*What you should do*: Output nothing except the lines from the one containing "Eine virtuelle kinetische" through the final line of the data, both included, typed exactly, minus the pictures.

*Source material*:
★ ★ ★ ★

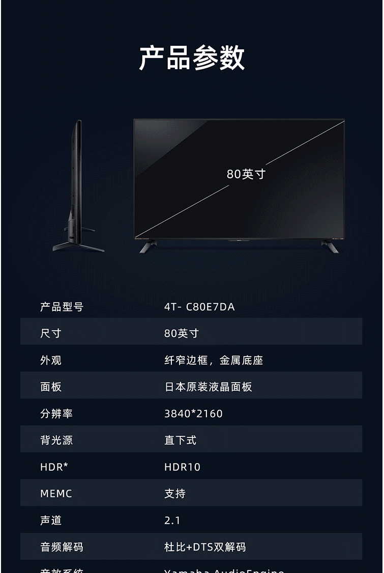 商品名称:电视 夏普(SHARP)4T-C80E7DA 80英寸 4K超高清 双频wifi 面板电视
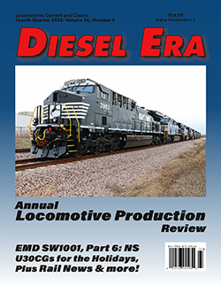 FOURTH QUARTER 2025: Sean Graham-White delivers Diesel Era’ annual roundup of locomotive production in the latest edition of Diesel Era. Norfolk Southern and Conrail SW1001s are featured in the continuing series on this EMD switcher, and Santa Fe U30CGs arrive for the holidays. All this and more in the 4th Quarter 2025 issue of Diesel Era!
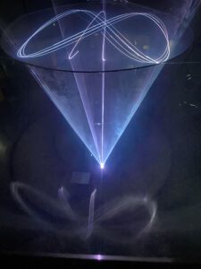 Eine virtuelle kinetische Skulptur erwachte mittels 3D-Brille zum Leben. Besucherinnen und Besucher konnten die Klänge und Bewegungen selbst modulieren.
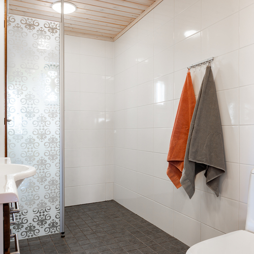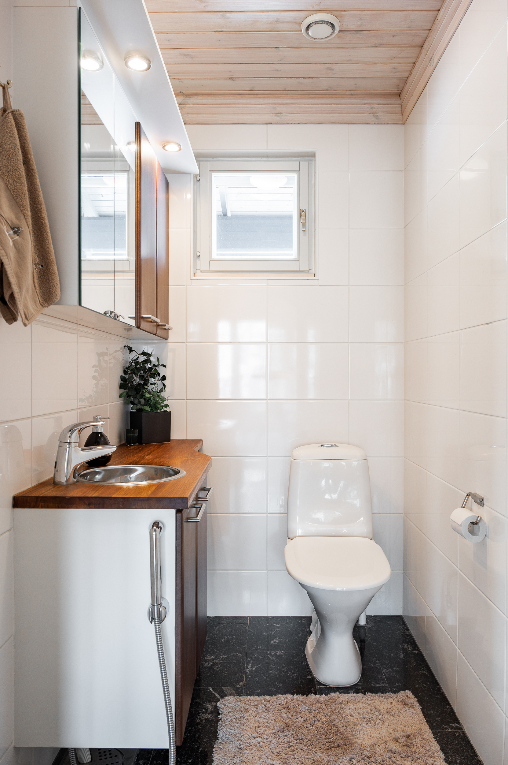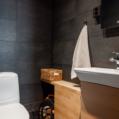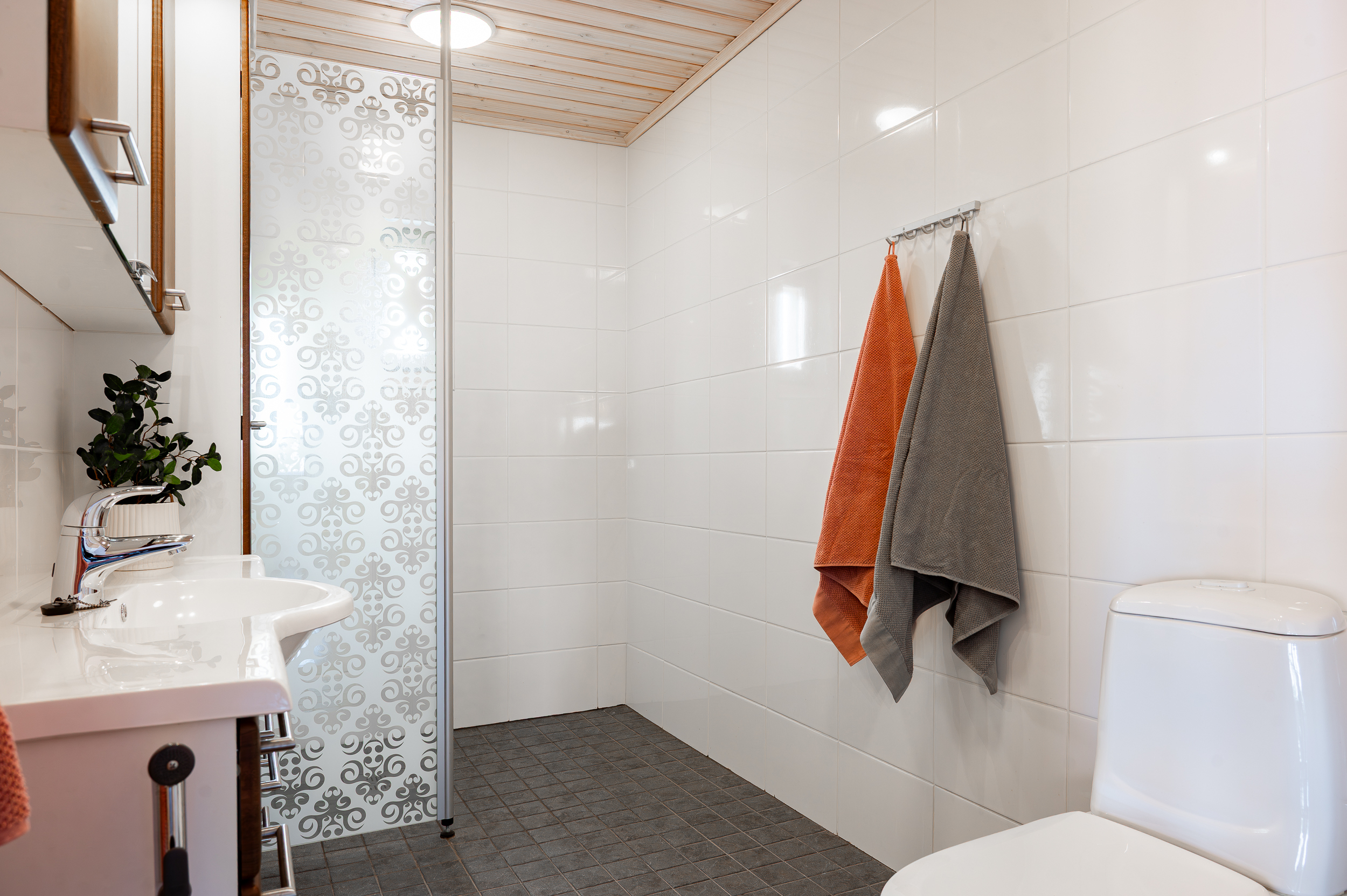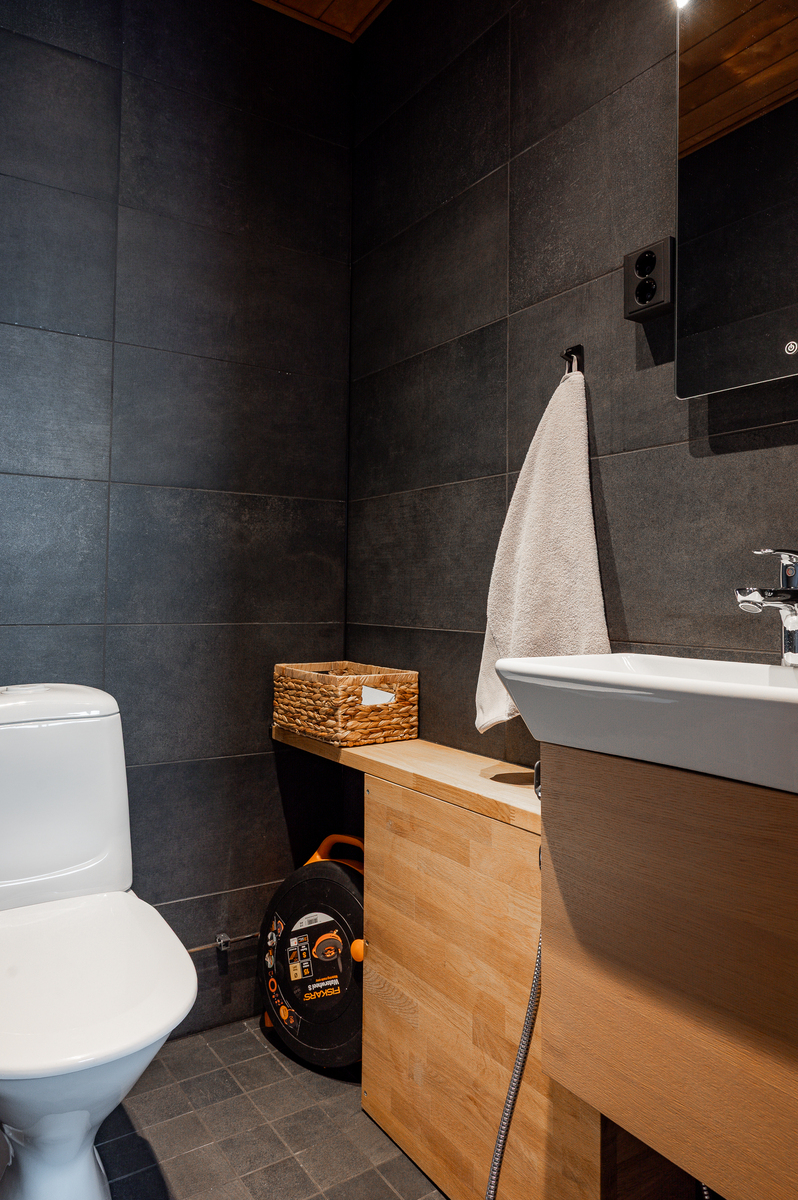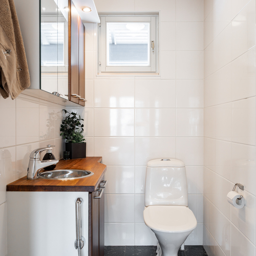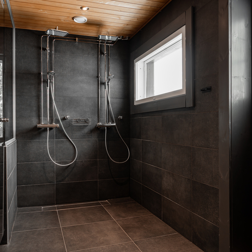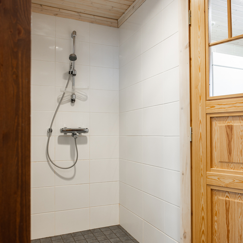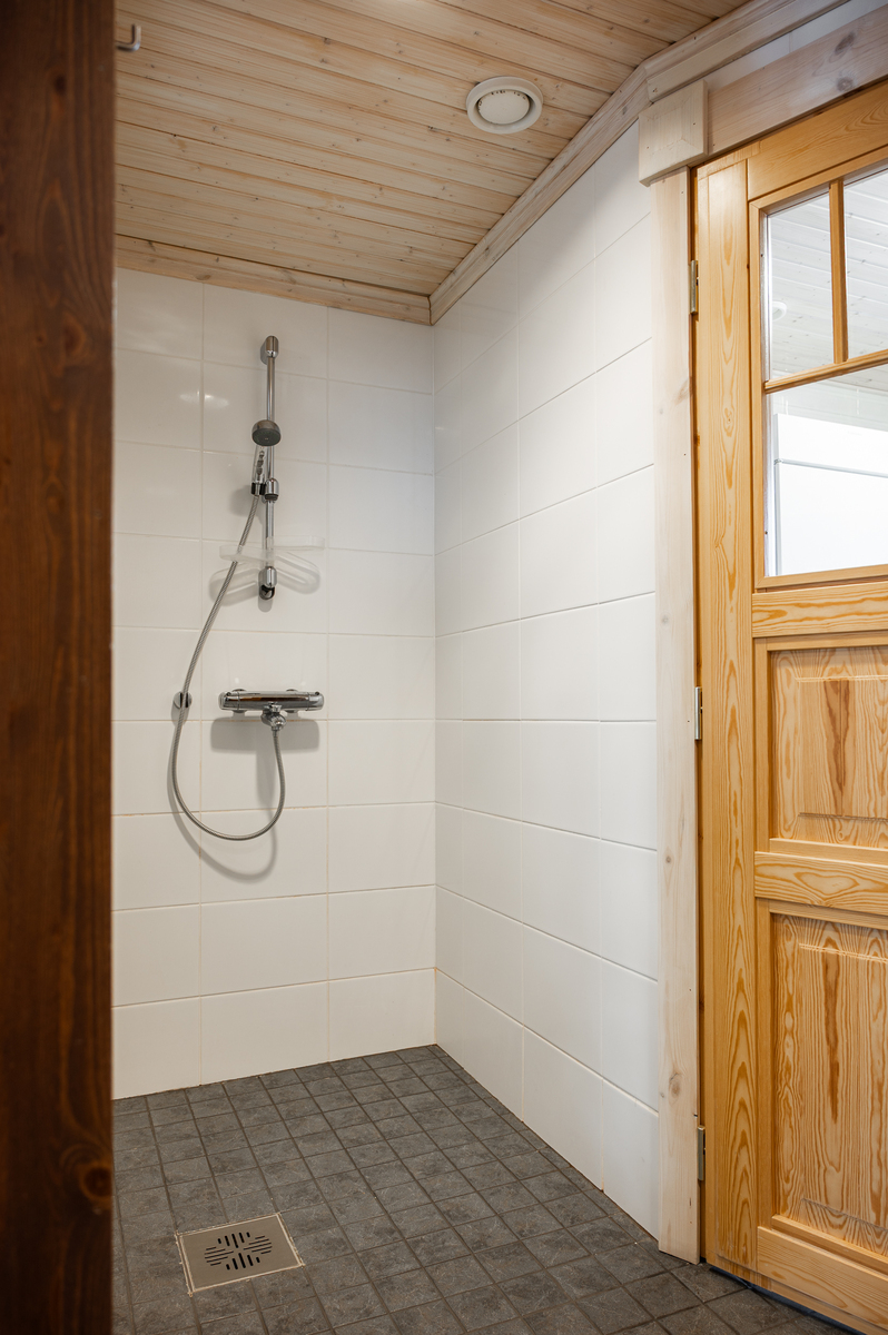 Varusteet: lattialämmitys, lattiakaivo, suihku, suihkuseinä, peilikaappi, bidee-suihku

★ ★ ★ ★

*The completed task*:
 Eine virtuelle kinetische Skulptur erwachte mittels 3D-Brille zum Leben. Besucherinnen und Besucher konnten die Klänge und Bewegungen selbst modulieren.
 Varusteet: lattialämmitys, lattiakaivo, suihku, suihkuseinä, peilikaappi, bidee-suihku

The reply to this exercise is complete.